Begin at the line below that has "As for the deck". Stop after the line that has "云臺(tái)冰菊不僅凸顯了", repeating each line exactly and leaving out the pictures.

Records from a dataset:
--- --- ---
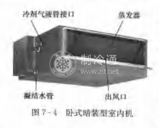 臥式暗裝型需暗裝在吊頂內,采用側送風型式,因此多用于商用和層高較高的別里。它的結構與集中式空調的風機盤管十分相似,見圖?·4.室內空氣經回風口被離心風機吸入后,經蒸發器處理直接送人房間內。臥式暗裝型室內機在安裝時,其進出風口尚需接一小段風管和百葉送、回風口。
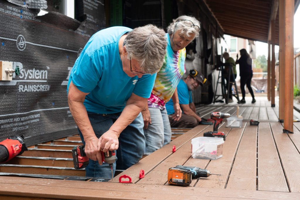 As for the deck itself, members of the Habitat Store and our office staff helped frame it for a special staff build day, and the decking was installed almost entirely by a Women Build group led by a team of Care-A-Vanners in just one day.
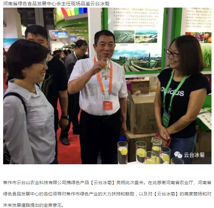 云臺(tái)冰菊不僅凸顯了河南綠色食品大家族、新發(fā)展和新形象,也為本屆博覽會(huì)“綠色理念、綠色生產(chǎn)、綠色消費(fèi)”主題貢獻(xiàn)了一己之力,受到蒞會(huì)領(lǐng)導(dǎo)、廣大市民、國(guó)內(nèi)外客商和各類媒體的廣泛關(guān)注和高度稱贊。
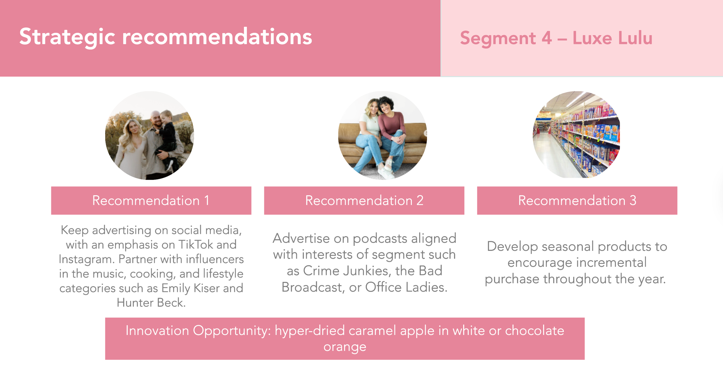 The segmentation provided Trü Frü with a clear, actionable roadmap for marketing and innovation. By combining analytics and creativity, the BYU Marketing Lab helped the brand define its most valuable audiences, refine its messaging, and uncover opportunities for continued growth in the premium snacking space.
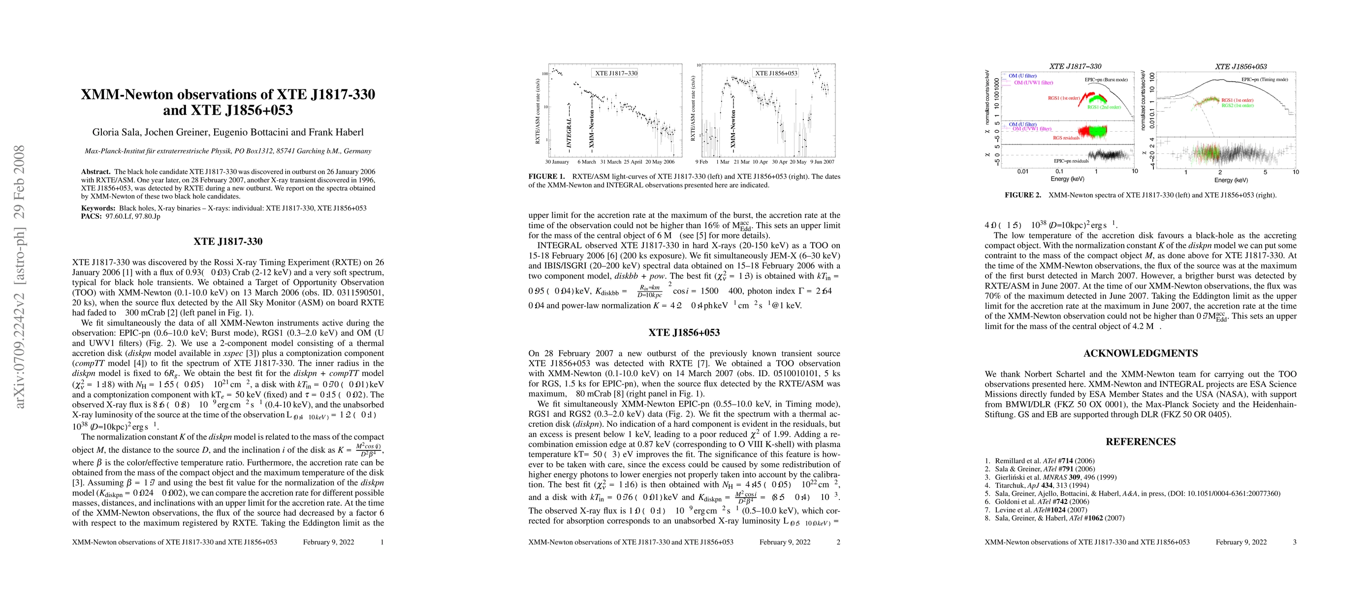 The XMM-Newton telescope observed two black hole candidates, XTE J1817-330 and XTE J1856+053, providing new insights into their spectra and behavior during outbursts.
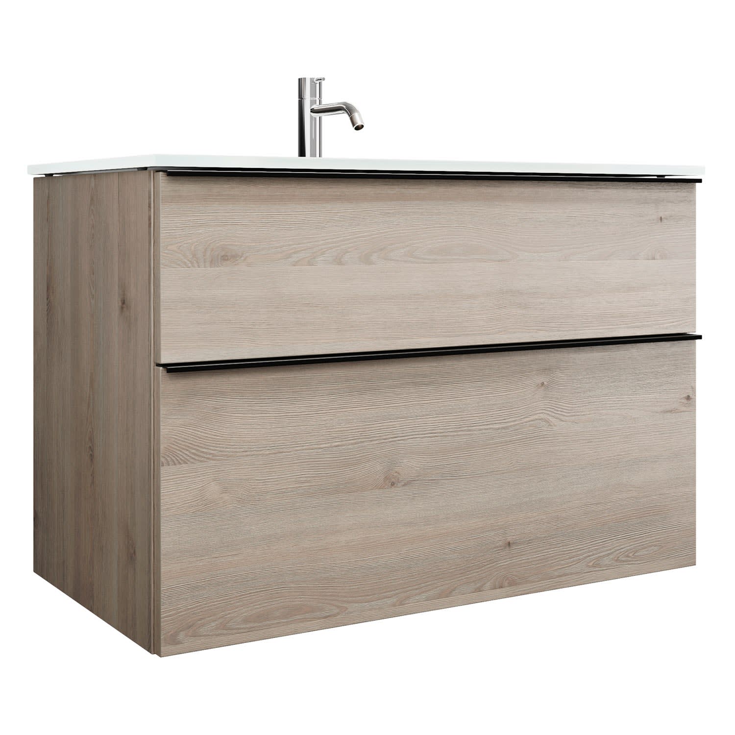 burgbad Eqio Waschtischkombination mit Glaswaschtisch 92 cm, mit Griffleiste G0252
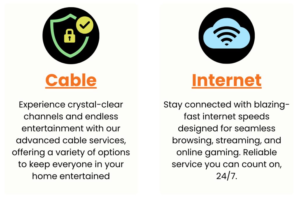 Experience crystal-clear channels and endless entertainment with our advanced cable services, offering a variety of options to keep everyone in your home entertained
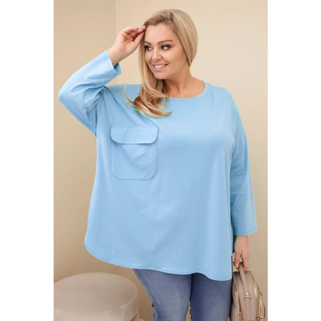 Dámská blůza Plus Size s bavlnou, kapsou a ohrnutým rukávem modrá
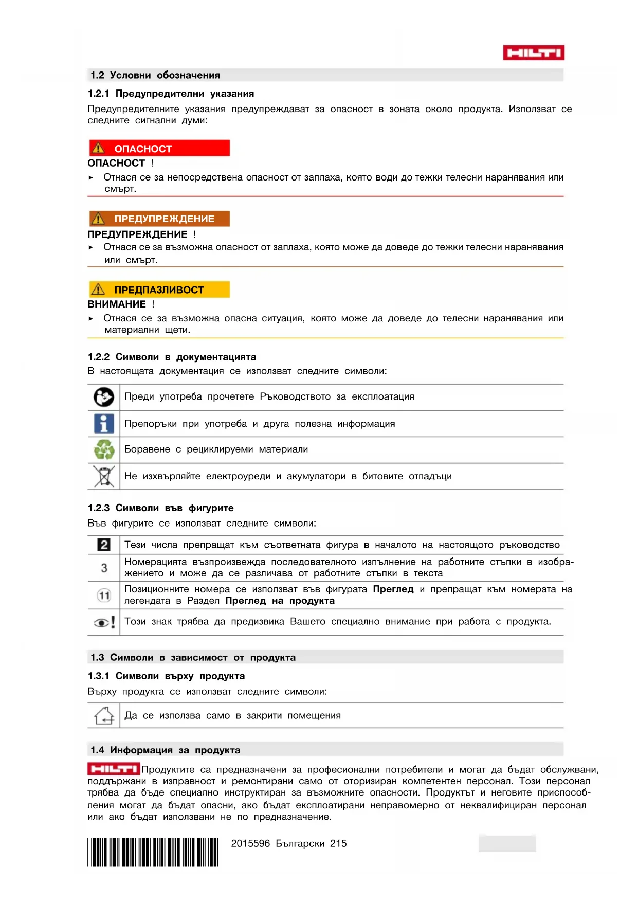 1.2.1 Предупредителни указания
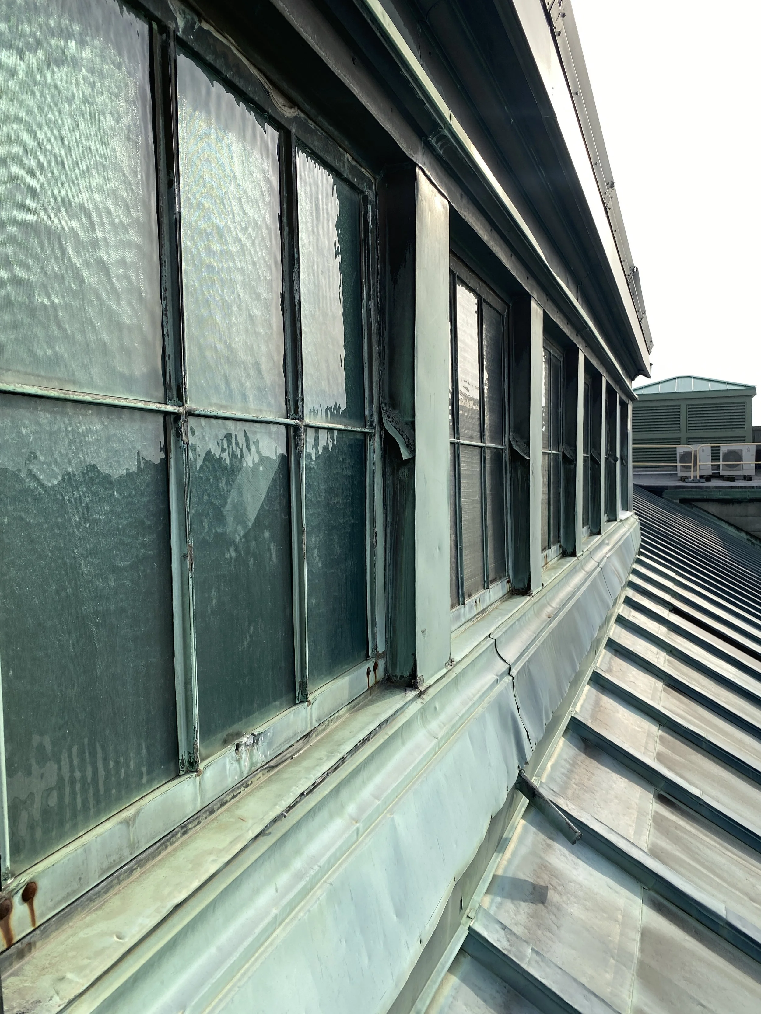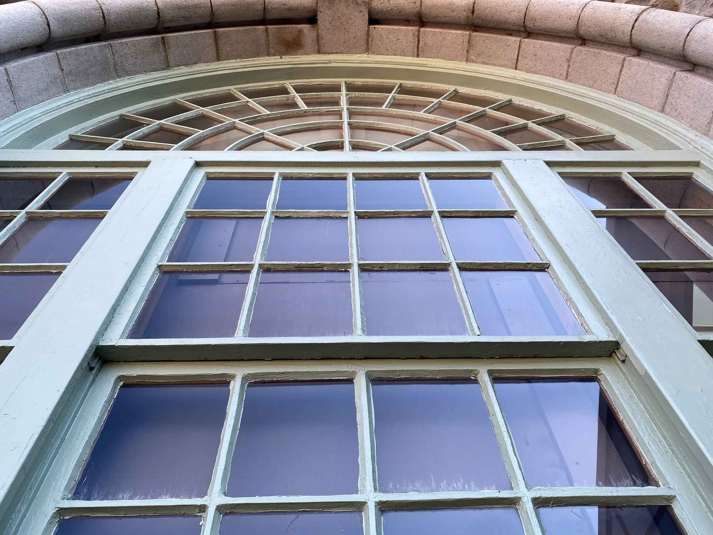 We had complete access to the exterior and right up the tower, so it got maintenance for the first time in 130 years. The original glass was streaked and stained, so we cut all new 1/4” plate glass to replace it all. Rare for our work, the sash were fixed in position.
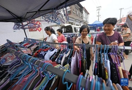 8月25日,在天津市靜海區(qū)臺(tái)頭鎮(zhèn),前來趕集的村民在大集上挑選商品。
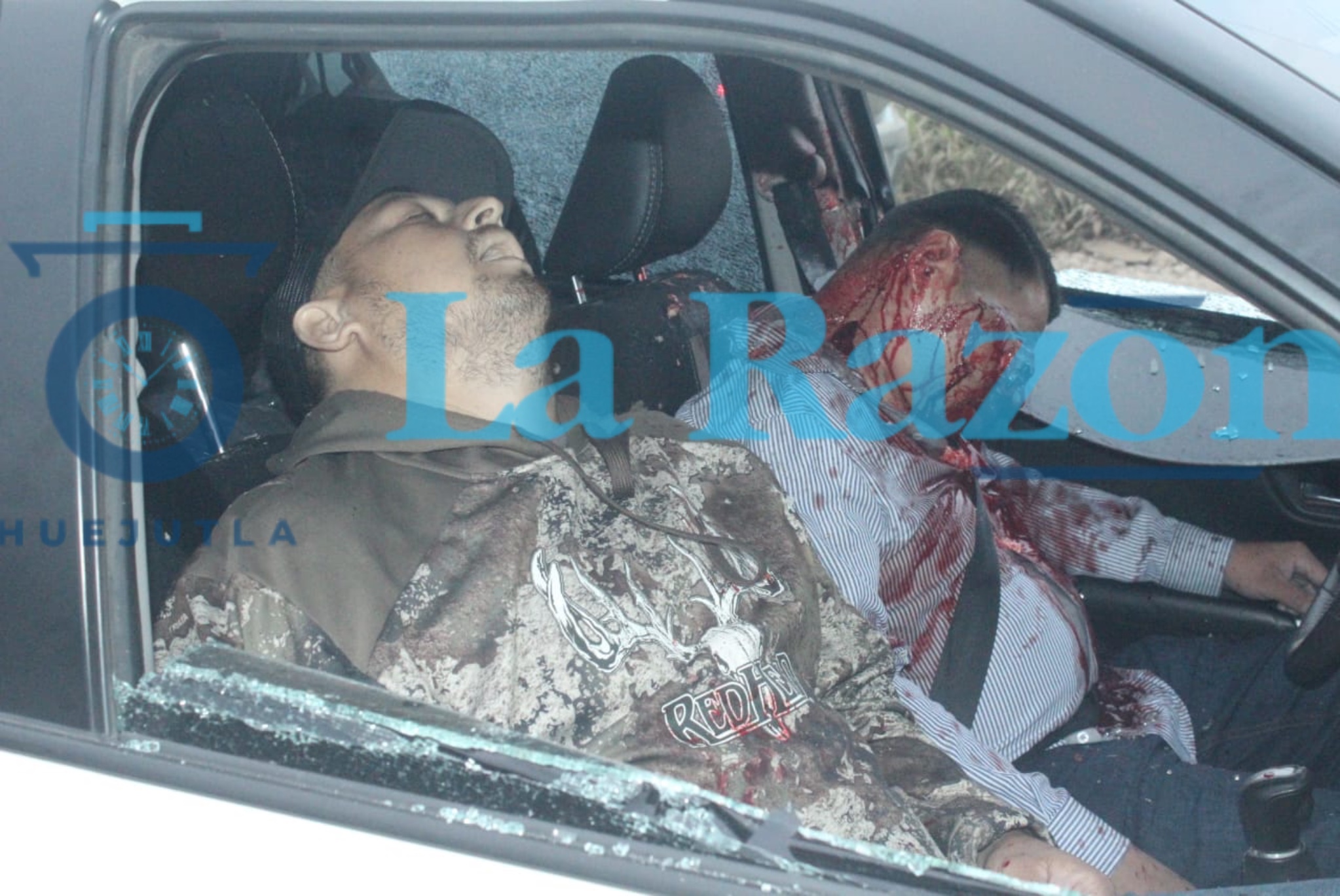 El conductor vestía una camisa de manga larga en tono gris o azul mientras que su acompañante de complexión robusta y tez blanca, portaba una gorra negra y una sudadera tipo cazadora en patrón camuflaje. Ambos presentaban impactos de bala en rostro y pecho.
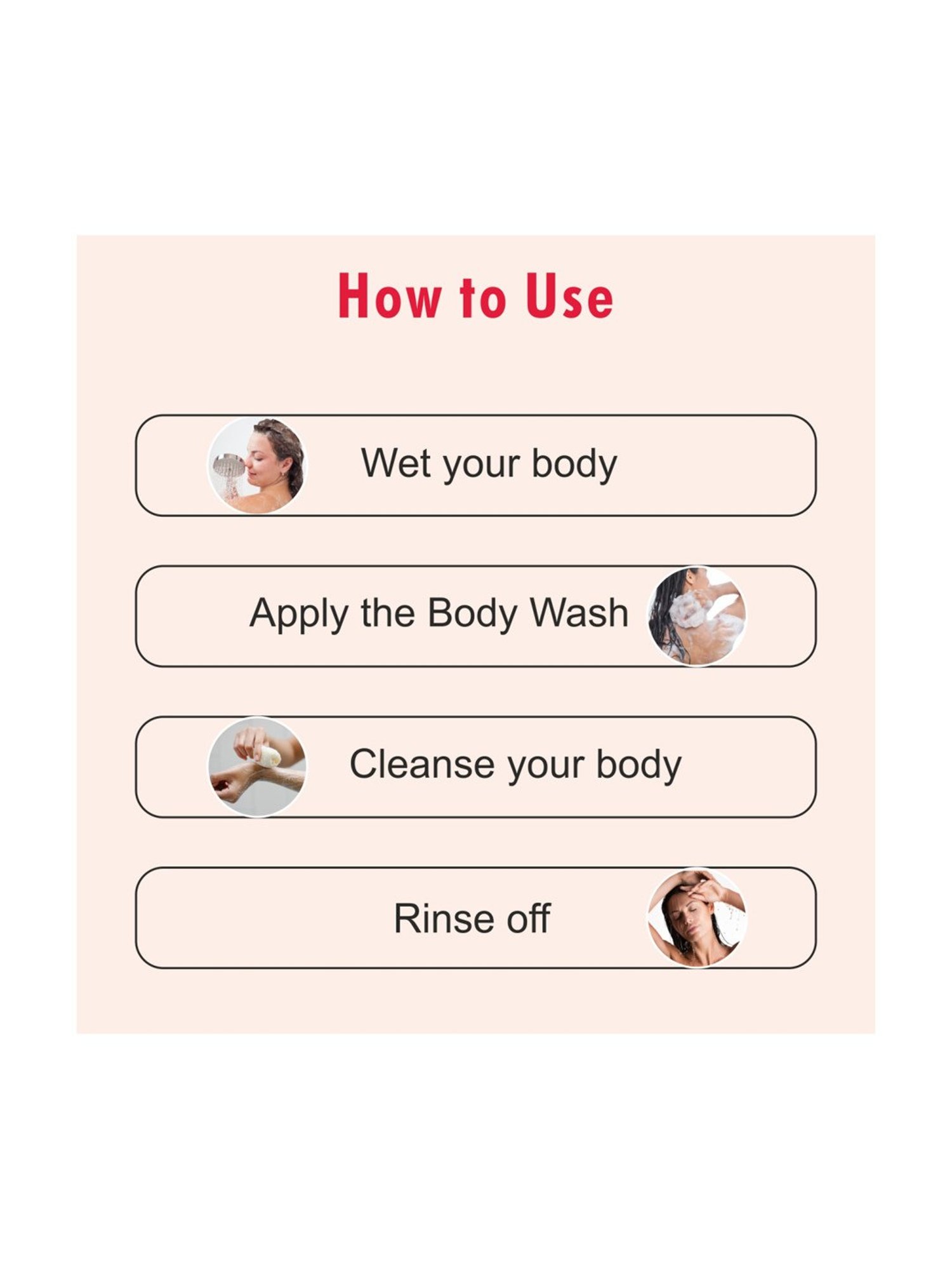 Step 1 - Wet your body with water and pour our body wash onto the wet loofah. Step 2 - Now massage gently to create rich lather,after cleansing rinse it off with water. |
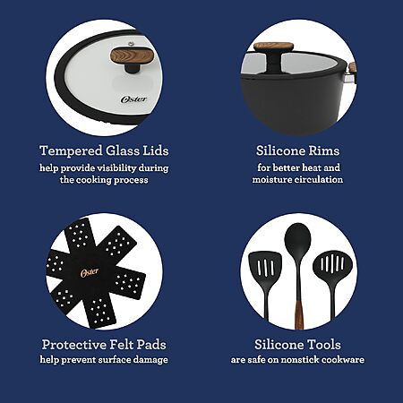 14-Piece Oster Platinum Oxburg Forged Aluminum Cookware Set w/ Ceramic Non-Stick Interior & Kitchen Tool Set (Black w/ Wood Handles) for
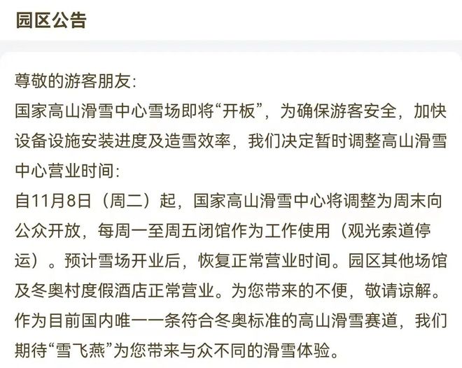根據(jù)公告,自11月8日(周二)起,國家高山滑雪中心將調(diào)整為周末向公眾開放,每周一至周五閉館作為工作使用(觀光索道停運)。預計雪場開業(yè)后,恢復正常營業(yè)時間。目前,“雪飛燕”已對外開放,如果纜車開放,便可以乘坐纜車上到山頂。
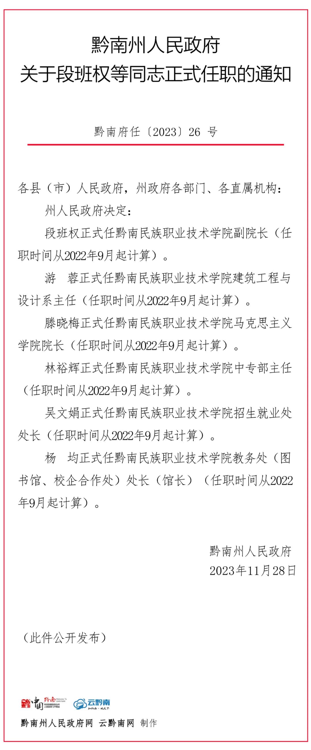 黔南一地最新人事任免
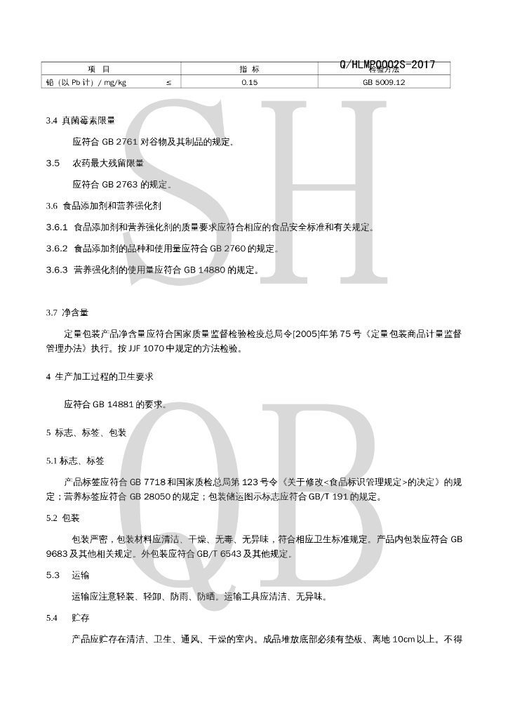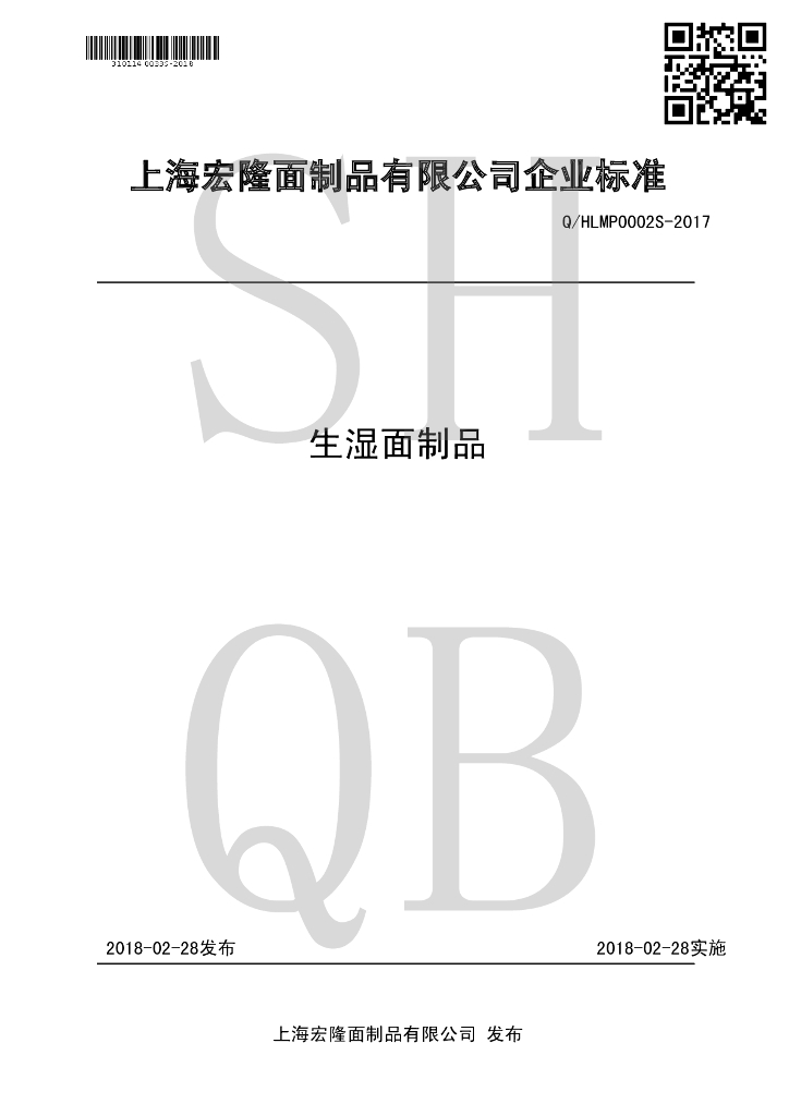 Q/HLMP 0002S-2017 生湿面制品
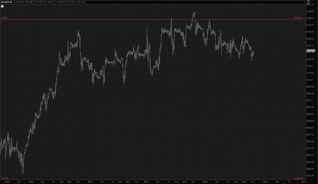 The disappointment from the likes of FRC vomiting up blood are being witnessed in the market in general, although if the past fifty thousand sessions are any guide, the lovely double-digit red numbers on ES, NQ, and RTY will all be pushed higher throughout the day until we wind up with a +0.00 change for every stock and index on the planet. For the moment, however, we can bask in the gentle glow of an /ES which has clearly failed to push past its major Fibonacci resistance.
--- --- ---
## EXERCISE RESULT
 As for the deck itself, members of the Habitat Store and our office staff helped frame it for a special staff build day, and the decking was installed almost entirely by a Women Build group led by a team of Care-A-Vanners in just one day.
 云臺(tái)冰菊不僅凸顯了河南綠色食品大家族、新發(fā)展和新形象,也為本屆博覽會(huì)“綠色理念、綠色生產(chǎn)、綠色消費(fèi)”主題貢獻(xiàn)了一己之力,受到蒞會(huì)領(lǐng)導(dǎo)、廣大市民、國(guó)內(nèi)外客商和各類媒體的廣泛關(guān)注和高度稱贊。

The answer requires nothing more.